Pak paradox: Bombs, blood and booming profits
Pak paradox: Bombs, blood and booming profits
Six years ago none wanted to invest in Pak stocks. They should have.

Karachi: A little more than six years ago, immediately after the Sept. 11 attacks on US cities, few sane investment advisers would have recommended Pakistani stocks.

They should have.

Their clients could have made a fortune. Since 2001, the nuclear-armed South Asian country, blamed for spawning generations of Islamic militants and threatening global security, has been making millionaires like newly minted coins.

As Western governments have fretted about Pakistan's nuclear weapons falling into the hands of militants, the Karachi Stock Exchange's main share index has risen more than 10-fold.

And it is not just that Karachi is a thinly traded market, able to be dragged skyward at time by speculators.

Profits have taken off as well. Even last month's assassination of opposition leader Benazir Bhutto, and the brief but terrifying tornado of violence it unleashed, failed to make much more than a dent in the market.

Businessmen are more worried than brokers, but all agree it will take more than Bhutto's death to destroy this boom, which has been based on open-door investment policies and privatisation. "It's sad, and it does affect the business, but I guess it's been happening for so long that people just get used to it," shrugged Omer Sabir, who sells luxury sports cars from upwards of $100,000 each at Karachi's only Porsche dealer.

Home to 14 million people, Pakistan's biggest city is booming. The port city, notorious as the place where US journalist Daniel Pearl was kidnapped and beheaded by Islamist extremists in 2002, has seen property prices soar and shopping malls sprout up.

Foreign banks such as Standard Chartered and ABN Amro have bought up local banks. Just this month Bank Muscat and Japan's Nomura Holdings agreed to a $200 million takeover of Pakistan's Saudi Pak Bank. Barclays is also looking to build a local business.

Even during frequent power blackouts, Pakistan's bankers can see by the light of their generators that profits are good, among the strongest bank returns in the world, says Invisor Securities.

At Karachi's underground night-club scene -- literally, underground -- sons and daughters of the upper middle-class drink vodka, whisky or just soft-drinks in glittering semi-darkness and listen to DJs play the latest beats.

Time to sell?

But right now, the party might be coming to an end.
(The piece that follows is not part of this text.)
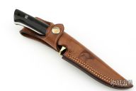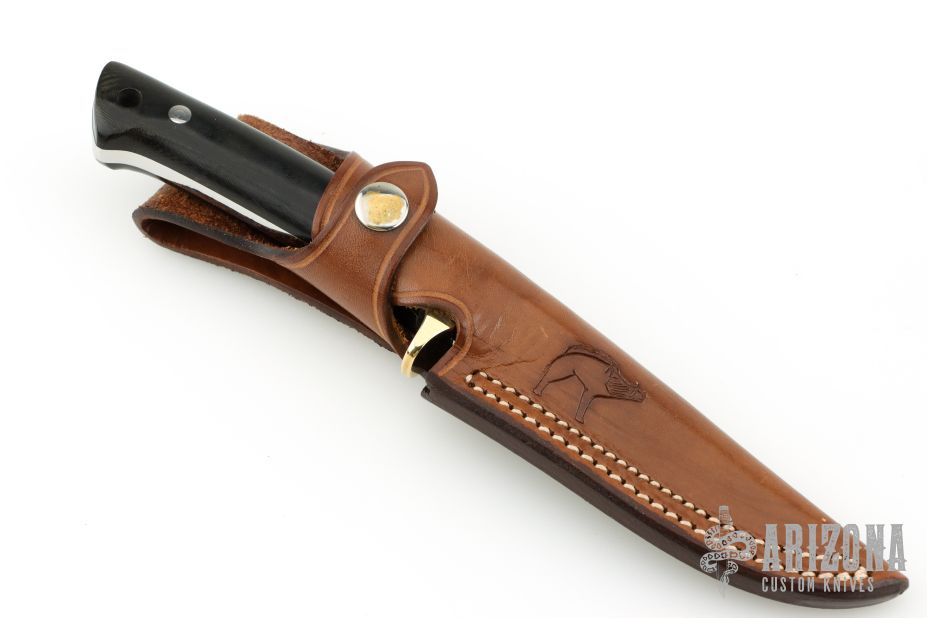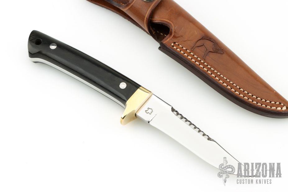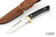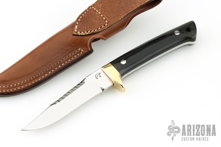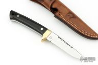 This Rieze II Prototype by Jean Tanazacq features a mirror finished blade with serrated top edge, .190" blade stock and .882" blade depth, full tang construction. The handle has polished brass guard, black linen micarta scales, lanyard hole in the butt. Comes with a brown leather sheath with hand tooled wild boar on the front. Excellent condition. Comes with COA dated 4/18/1998

The stock market is still trading just three per cent below its life-time closing high (14,814.85 points), but the outlook is far less certain than six years ago, when President Pervez Musharraf began his reforms, spurring local and foreign investment. The economy, which averaged around 7 per cent annual growth in the five years to June 2007, is slowing and inflation is rising.

Foreign investment and the farm sector, two important drivers of Pakistan's economic success story, have also moved down a gear. The street is also getting angry.

For many Pakistanis, the boom has been mainly a spectator sport. They can see the new shopping malls but cannot afford to buy anything there. About a quarter of them still live in poverty, earning around 1,000 rupees ($16) a month, though the proportion has been falling, according to 2006 government data. A few blocks away from the Porsche dealership, men and women queue in vain for hours to buy a bag of flour at a government store.

Power blackouts make the winter bleaker still. "I have been coming here for a month and, look, my hands are empty," said Taj Fareed, showing his palms as he stood near a crowd jostling at the door of a government store to buy flour.

So if these Pakistanis find their voice in elections scheduled for Feb. 18, will there be changes in store for broad economic policy and the rich crust of Pakistan society? The answer from businessmen, political analysts and economists seems to be a unanimous but rather hopeful "no".

"Whoever comes in next, I can assure you that they will follow the same policies," said Javed Faruqi, leaning back in his chair in the high-rise executive suite of Samaa, one of several new TV channels born out of a surge in advertising spending.

Samaa occupies the same tower as business channel CNBC Pakistan, a Middle East-backed franchise launched in late 2005. "I don't see it going into reverse but there may be a struggle with the forces who do want it to go into reverse," admits Tahir Ikram, programming director for CNBC Pakistan.

Islamist parties, and their campaigns against Western decadence and corruption, appeal strongly to the poor, but recent polling suggests the mainstream parties will dominate the next government, assuming the Feb. 18 elections are free and fair. Bhutto's party, Pakistan's biggest, has been campaigning under the slogan "Food, Shelter, Clothing" and still plans to contest the elections, but political analysts do not expect it to usher in a state-driven economy if it wins power. "The overall direction of the Pakistan economy would be the same," said political analyst Hasan Askari Rizvi.